With this being the case, you'd think that the legislature would be discussing what's becoming an annual tragedy. Nope. Nobody is brining these topics up.
It was Trotsky who stated "You might not be interested in war, but war is interested in you." That's probably one of a handful of things Trotsky ever stated that are worth repeating. The same thing is true of climate and weather. You might not be interested in it, but it's interested in you.

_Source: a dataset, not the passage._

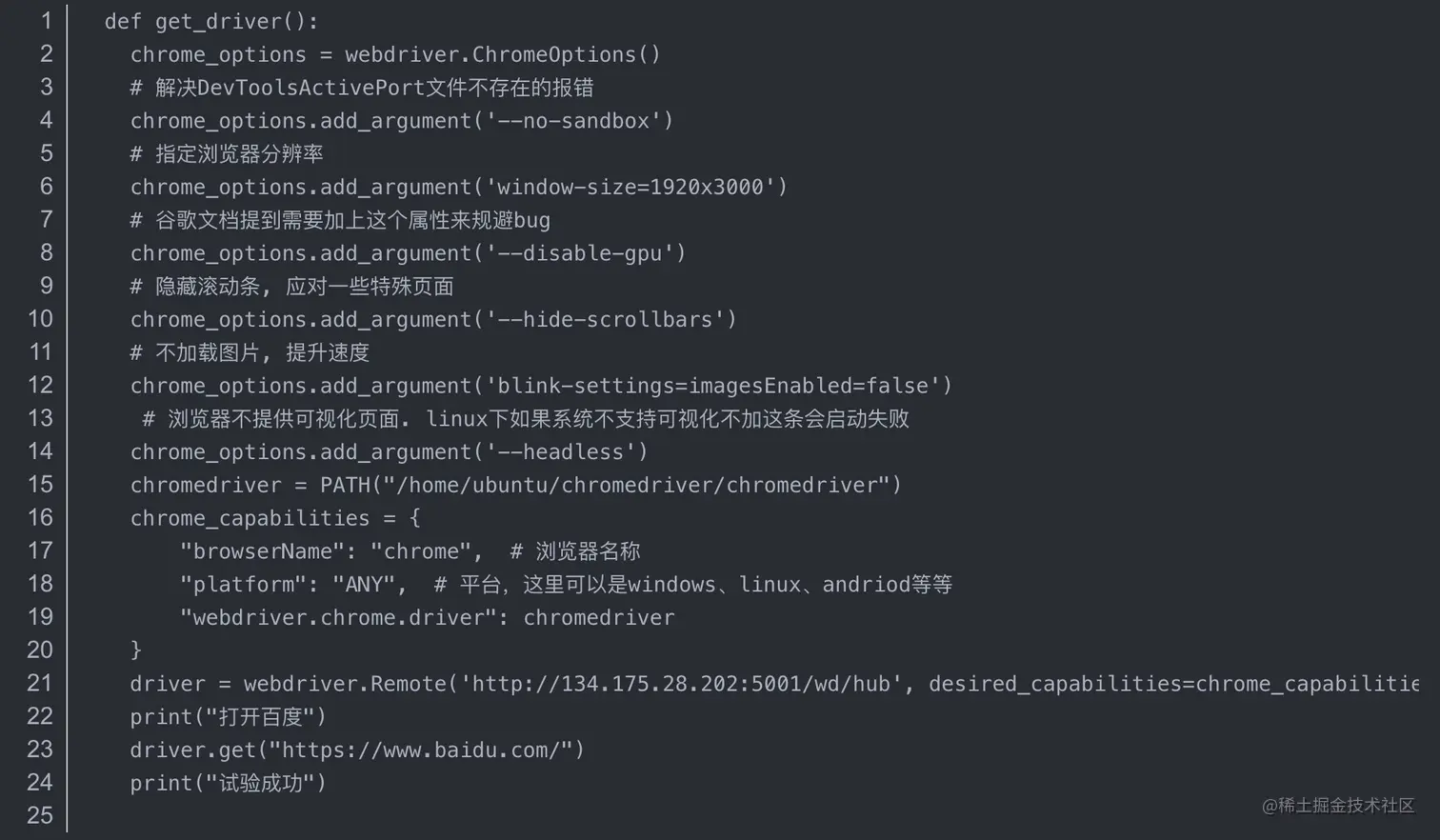 注意:如果服务器系统不支持可视化不加这条会启动失败chrome_options.add_argument('--headless')
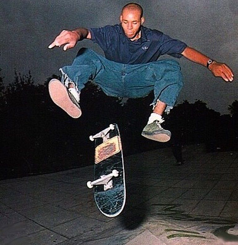 Typical setup of the era: egg-shaped decks and micro wheels | Ray Barbee – varial heel.

It's time to start discussing these things.
Blind Assumptions
There was an interesting letter to the editor for Anthony Bouchard in today's Tribune. The author was obviously extremely distressesd that Bouchard was not invited back to meet Donald Trump in anticipation for an anticipated endorsement of some Wyoming candidate to run against Liz Cheney.
What was interesting about it was the set of assumptions built into it. The author obviously loves Trump and stated the same, i.e., "loves". She maintained that it was Bouchard who is most like Trump, even if her hero is set to dump him like a hot rock on a mid August day.
Fawning admiration of politicians is something I don't get, but then as noted above I'm a questioner of ambition and authority. But that sort of desperate fawning is odd.
The Tribune also ran a column by one of its columnists, Tom Gagnon, all about his registering as a Republican in order to vote for Cheney. Gagnon makes it plain he's a Democrat, and if you read his piece, he's a really far left Democrat.
I don't care if he does re-register, that's his right. One of the things about American political parites is that there are no restrictions on who resigsters as what, and for that reason, they can change. Frankly, I don't think the Wyoming GOP is actually anywhere near as right wing as its really active members think, as most Wyomingites are in it, and most are centrists. But Gagnon is doing the classic Wyoming Democratic thing of killing his own party. If he was going to do that, he should have just shut up, rather than broadcast it and confirming the far rights suspicition that everyone in the GOP who isn't in the sleeper car of the Trump Train is a communist.
Footnotes:
1. I also feel, quite frankly, that many such comments reflect either propaganda that we feel we're required to say, as in Republican members of Congress saying "oh, um, yes, I believe the election (in which I myself was elected) was stolen. . . "when they don't, or in the dulce bellum inexpertis manner that so many people have about so many things they really don't engage in, or rarely do. Put another way, watching The Sands of Iwo Ima might be fund, but actually landing on Iwo Jima. . . not so much.